* _AIM OF THE TASK_: Among the entries below, retype exactly the lines starting with the one with "じょうろの くちは がっこうで つけます。" and going on through the one with "Strákarnir á Borginni", but not the pictures.

START DATASET ENTRIES

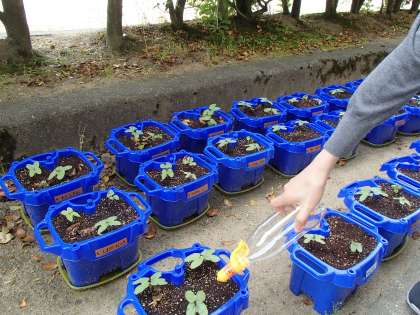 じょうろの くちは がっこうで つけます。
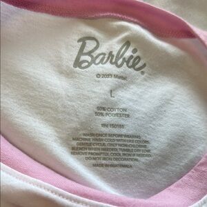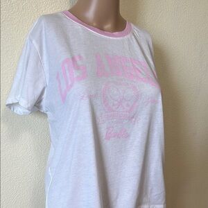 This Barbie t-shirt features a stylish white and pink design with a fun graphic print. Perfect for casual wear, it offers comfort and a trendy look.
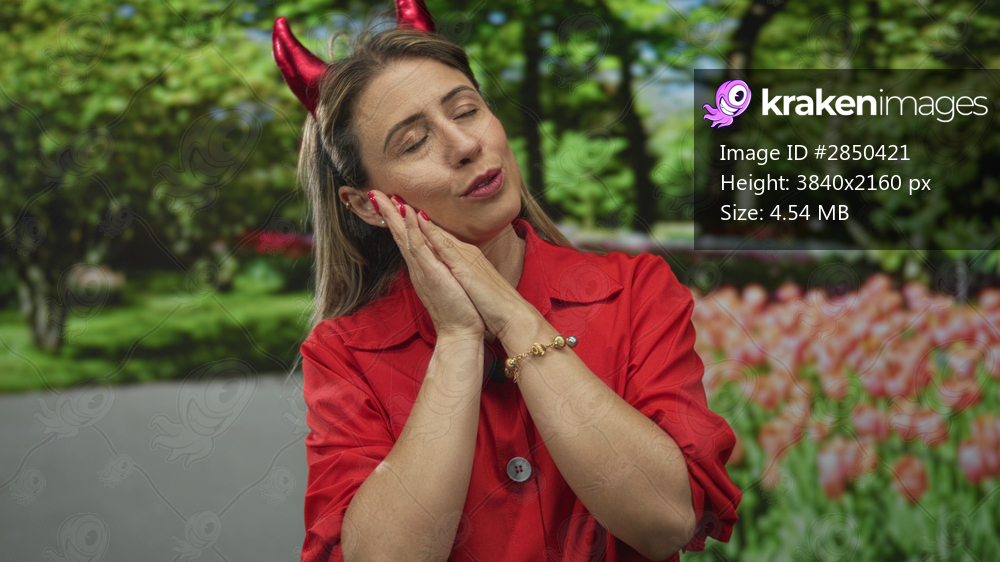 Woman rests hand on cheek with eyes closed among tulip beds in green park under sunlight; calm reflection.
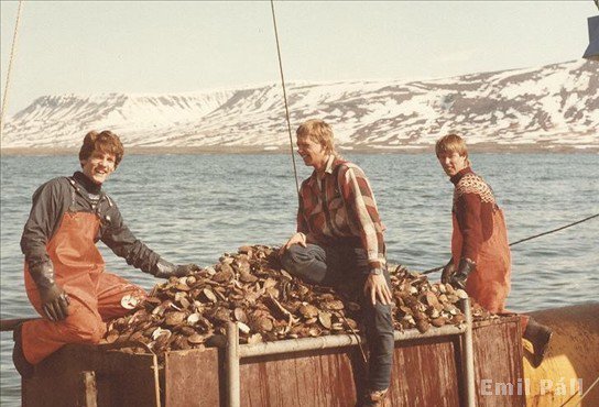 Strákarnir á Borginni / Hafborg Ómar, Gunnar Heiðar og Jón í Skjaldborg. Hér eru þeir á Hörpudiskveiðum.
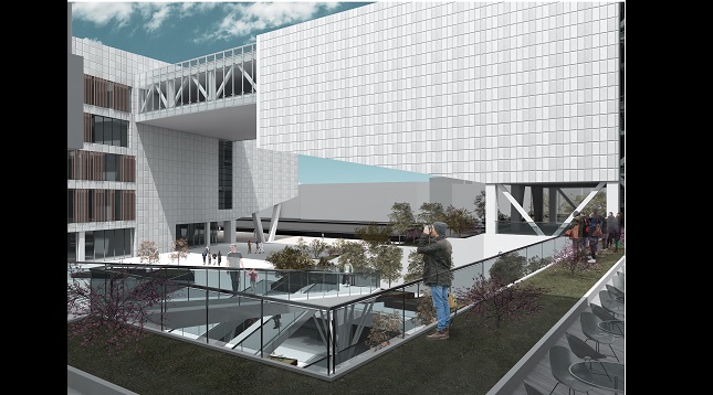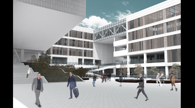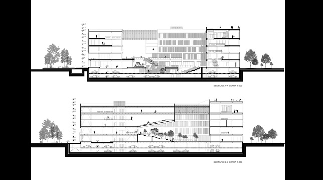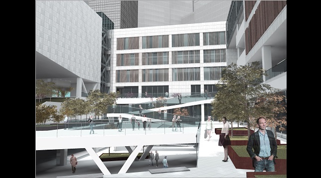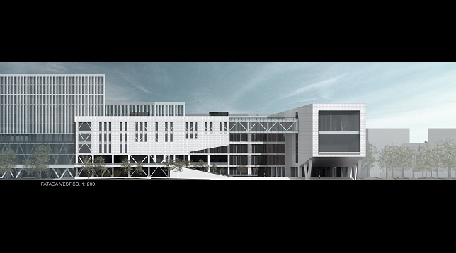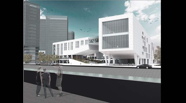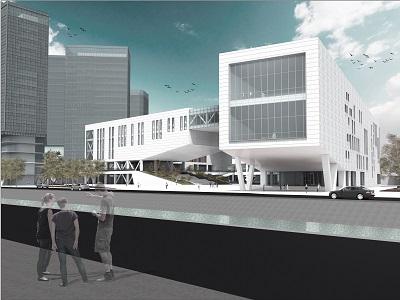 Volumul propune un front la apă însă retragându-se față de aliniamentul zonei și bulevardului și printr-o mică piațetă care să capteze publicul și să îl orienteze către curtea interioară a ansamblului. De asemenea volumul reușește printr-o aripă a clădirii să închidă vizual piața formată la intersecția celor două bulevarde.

END DATASET ENTRIES
START DATASET ENTRIES

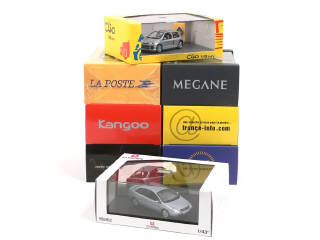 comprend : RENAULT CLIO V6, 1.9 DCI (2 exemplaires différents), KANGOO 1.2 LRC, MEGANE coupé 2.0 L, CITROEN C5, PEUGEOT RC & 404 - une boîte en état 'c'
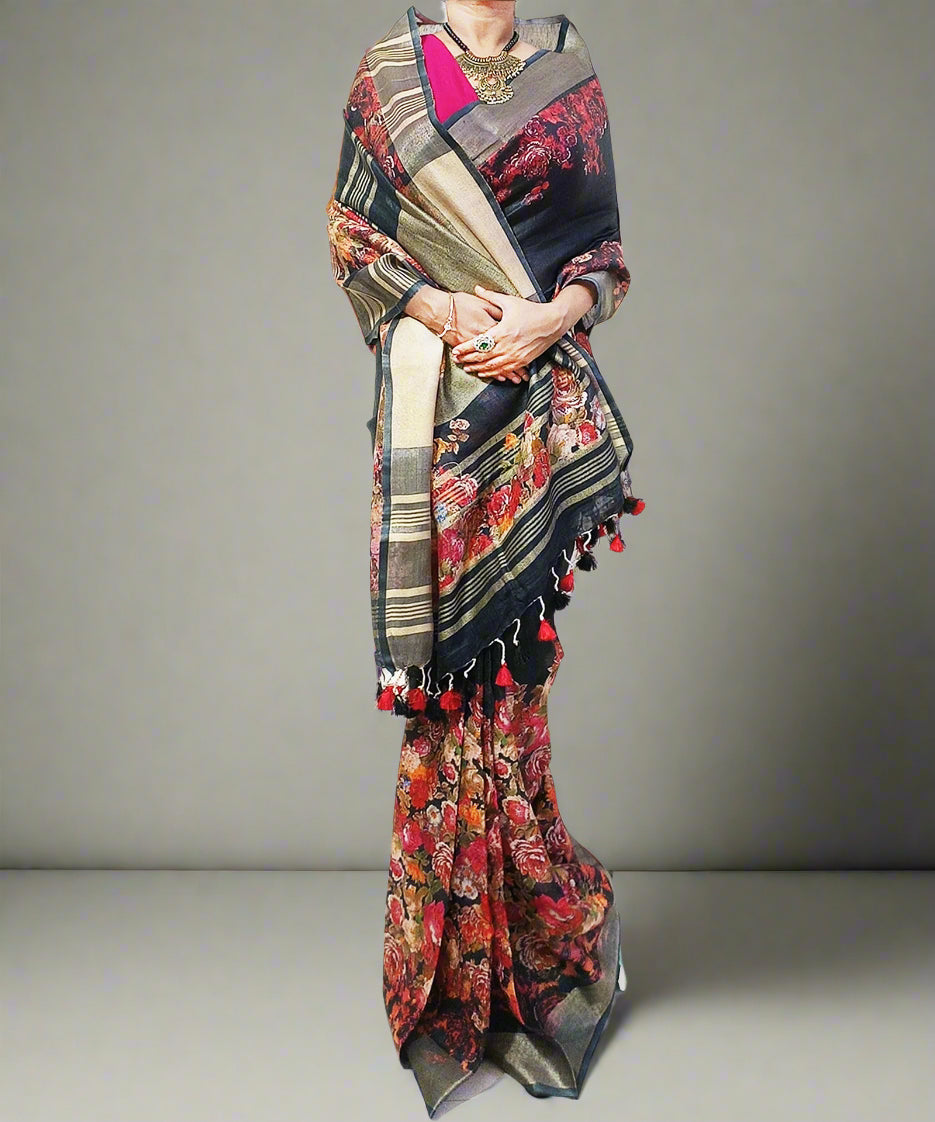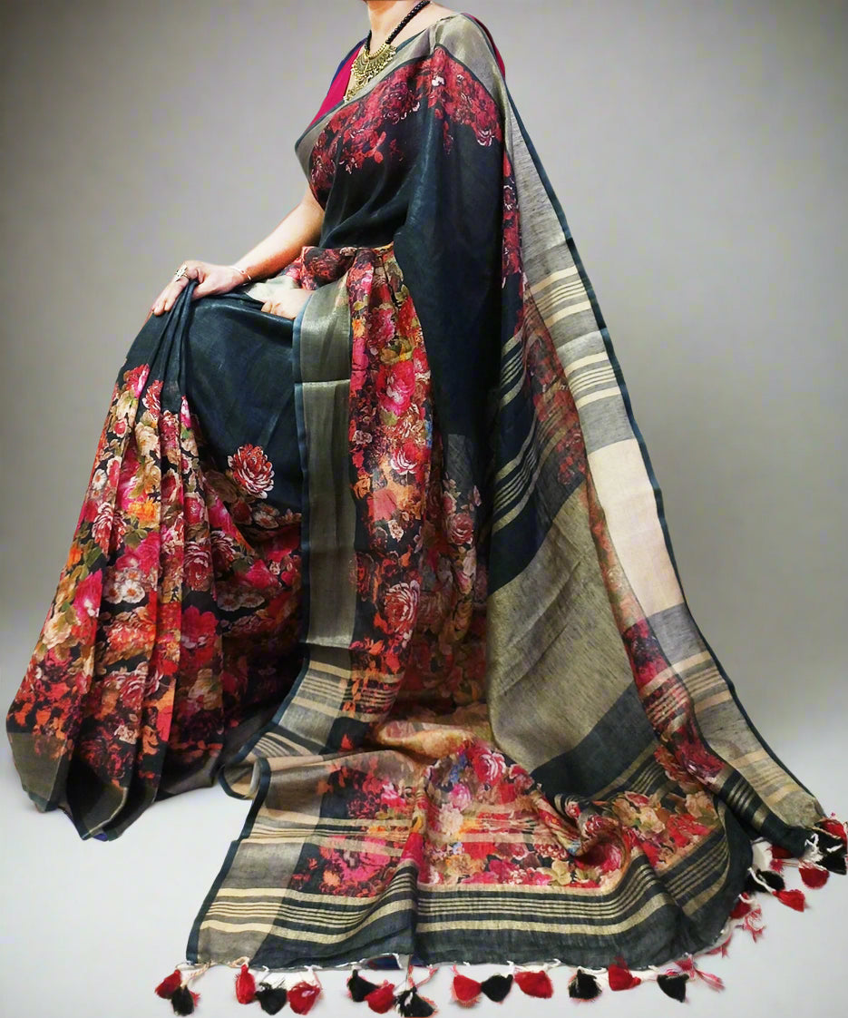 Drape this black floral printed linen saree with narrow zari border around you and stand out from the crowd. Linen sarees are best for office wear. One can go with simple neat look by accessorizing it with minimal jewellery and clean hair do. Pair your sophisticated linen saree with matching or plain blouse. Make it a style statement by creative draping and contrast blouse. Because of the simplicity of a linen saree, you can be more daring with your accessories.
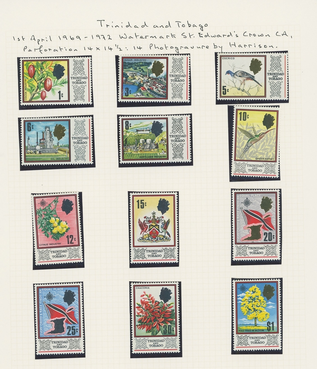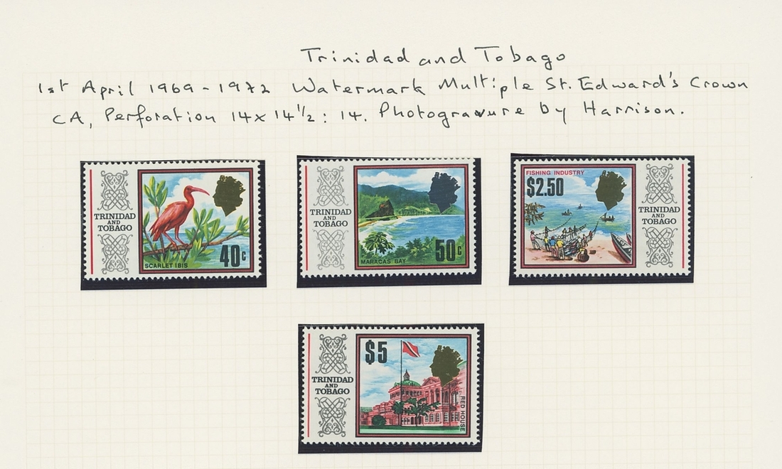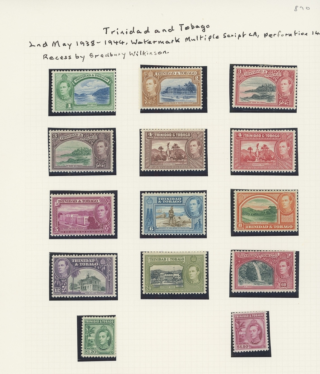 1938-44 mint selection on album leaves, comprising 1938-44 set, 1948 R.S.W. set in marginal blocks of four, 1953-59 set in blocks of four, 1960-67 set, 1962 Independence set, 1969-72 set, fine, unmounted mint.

END DATASET ENTRIES

* _RESULT FOR THIS TASK_:
 じょうろの くちは がっこうで つけます。
 This Barbie t-shirt features a stylish white and pink design with a fun graphic print. Perfect for casual wear, it offers comfort and a trendy look.
 Woman rests hand on cheek with eyes closed among tulip beds in green park under sunlight; calm reflection.
 Strákarnir á Borginni / Hafborg Ómar, Gunnar Heiðar og Jón í Skjaldborg. Hér eru þeir á Hörpudiskveiðum.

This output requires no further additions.